The Brazilian over-the-counter market, organized or not, consists of negotiations among investors, through financial institution authorized to operate in the Brazilian capital market, registered at CVM. No special requisition is necessary besides the registration at CVM, to negotiate open company securities in the non-organized over-the-counter market. CVM demands that respective mediators deliver notice on all negotiations made in the Brazilian over-the-counter market.

The negotiation of securities in B3 can be interrupted upon request by the issuing company before the publication of relevant fact. The negotiation can also be suspended by initiative of B3 or CVM, based on, or due to, among other reasons, signs that the company provided inappropriate information with regard to a relevant fact or provided inappropriate answers to questionings made by CVM or B3.

Disclosure and Use of Information

CVM Instruction 358 provides for the disclosure and use of information on relevant act or fact associated to open companies, regulating the following:

- establish the concept of a material fact that gives rise to reporting requirements.
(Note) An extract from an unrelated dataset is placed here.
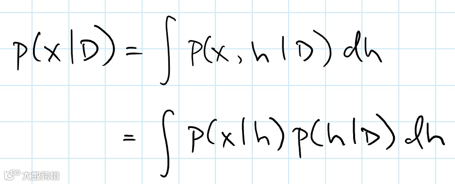 但是如果我们试着用近似方法求积分呢?如果按通常的独立同分布假设,我们可以利用这个事实:未来可能出现的数据样本值 x 条件独立于给定参数 h 时的观测值 D。
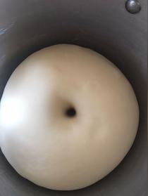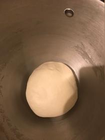 除黃油外所有材料,先揉成團(tuán)。需要揉十分鐘。再加入黃油,繼續(xù)揉十分鐘。揉至出筋膜。我是廚師機(jī)揉的。沒有機(jī)子的手揉也是一樣的。需要反復(fù)揉搓摔打至出膜。

Material facts include decisions made by the controlling shareholders, resolutions of the general meeting of shareholders and of management of the Company, or any other facts related to the Company’s business (whether occurring within the Company or otherwise somehow related thereto) that may influence the price of its publicly traded securities, or the decision of investors to trade such securities or to exercise any of such securities’ underlying rights;

  • establishes the concept of relevant fact, including in this definition any decision by controller shareholder, deliberation by general meeting or by open company administration bodies, or any other political-administrative, technical, business or economic-financial act or fact occurred or associated to the company businesses that may significantly affect: (i) the quotation of securities; (ii) investors’ decision to buy, sell or keep such securities; and (iii) investors’ decision to exercise any rights inherent in the condition of holders of securities issued by the Company;
  • provides examples of potentially relevant act or fact, including, among others, the signature of agreement or contract to transfer the company’s stock control, entry or exit of partner who keeps with the company contract or operational, financial, technological or administrative collaboration, incorporation, merge or split involving the Company or related societies;
  • obliges the Investors’ Relations Director, controller shareholders, directors, members of fiscal board and of any bodies with technical or consultant functions to inform any relevant fact to CVM;
  • requires the simultaneous disclosure of relevant facts in all markets where the company has its shares listed for negotiation;
  • obliges the acquirer of the open company stock control to disclose relevant fact, including his intention of cancelling the open company registration within one year counted from the acquisition date;
  • establishes rules associated to the disclosure of acquisition or alienation of relevant share in open company.